By default acks=1 so set it to 'all' :
acks=all in your producer.properties file
Check if unclean.leader.election.enable = true and if so, set it to false so that only replicas that are insync can become the leader. If an out of sync replica is allowed to become leader then messages can get truncated and lost.

How is ordering guaranteed during failures in Kafka Async Producer?

If I am using Kafka Async producer, assume there are X number of messages in buffer.
When they are actually processed on the client, and if broker or a specific partition is down for sometime, kafka client would retry and if a message is failed, would it mark the specific message as failed and move on to the next message (this could lead to out of order messages) ? Or, would it fail the remaining messages in the batch in order to preserve order?
I next to maintain the ordering, so would ideally want to kafka to fail the batch from the place where it failed, so I can retry from the failure point, how would I achieve that?
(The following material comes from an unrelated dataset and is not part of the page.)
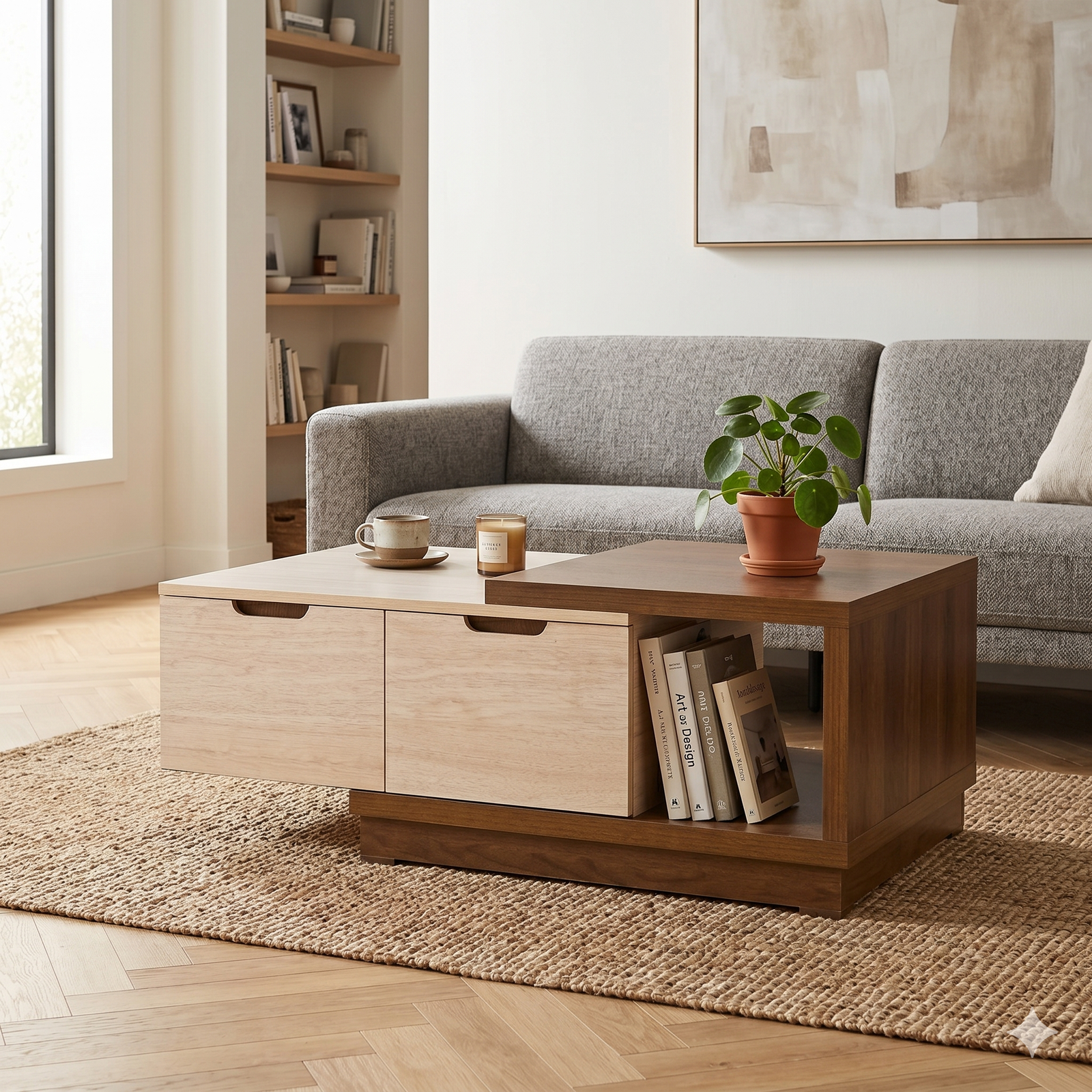 ترابيزة قهوة مودرن بتصميم خشبي مزدوج

Like it says in the kafka documentation about retries
Setting a value greater than zero will cause the client to resend any
record whose send fails with a potentially transient error. Note that
this retry is no different than if the client resent the record upon
receiving the error. Allowing retries will potentially change the
ordering of records because if two records are sent to a single
partition, and the first fails and is retried but the second succeeds,
then the second record may appear first.
So, answering to your title question, no kafka doesn't have order guarantees under async sends.
I am updating the answers base on Peter Davis question.
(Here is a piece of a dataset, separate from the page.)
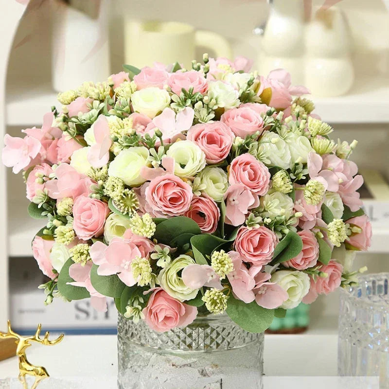 Ce bouquet d'hortensias artificiels est idéal pour tous ceux qui souhaitent enrichir leur décoration sans les contraintes d'entretien liées aux fleurs naturelles. Fabriqué en soie de haute qualité, chaque fleur est soigneusement conçue pour imiter parfaitement l'apparence des hortensias frais. Les nuances délicates de rose champagne ajoutent une touche romantique et douce, tout en s'harmonisant merveilleusement avec une palette de couleurs variée, qu'elle soit moderne, scandinave ou même industrielle.

I think that if you want to send in batch mode, the only way to secure it I would be to set the max.in.flight.requests.per.connection=1 but as the documentation says:
Note that if this setting is set to be greater than 1 and there are
failed sends, there is a risk of message re-ordering due to retries
(i.e., if retries are enabled).
Starting with Kafka 0.11.0, there is the enable.idempotence setting, as documented.
enable.idempotence: When set to true, the producer will ensure that
exactly one copy of each message is written in the stream. If false,
producer retries due to broker failures, etc., may write duplicates of
the retried message in the stream. Note that enabling idempotence
requires max.in.flight.requests.per.connection to be less than or
equal to 5, retries to be greater than 0 and acks must be all. If
these values are not explicitly set by the user, suitable values will
be chosen. If incompatible values are set, a ConfigException will be
thrown.
Type: boolean Default: false
This will guarantee that messages are ordered and that no loss occurs for the duration of the producer session. Unfortunately, the producer cannot set the sequence id, so Kafka can make these guarantees only per producer session.
Have a look at Apache Pulsar if you need to set the sequence id, which would allow you to use an external sequence id, which would guarantee ordered and exactly-once messaging across both broker and producer failovers.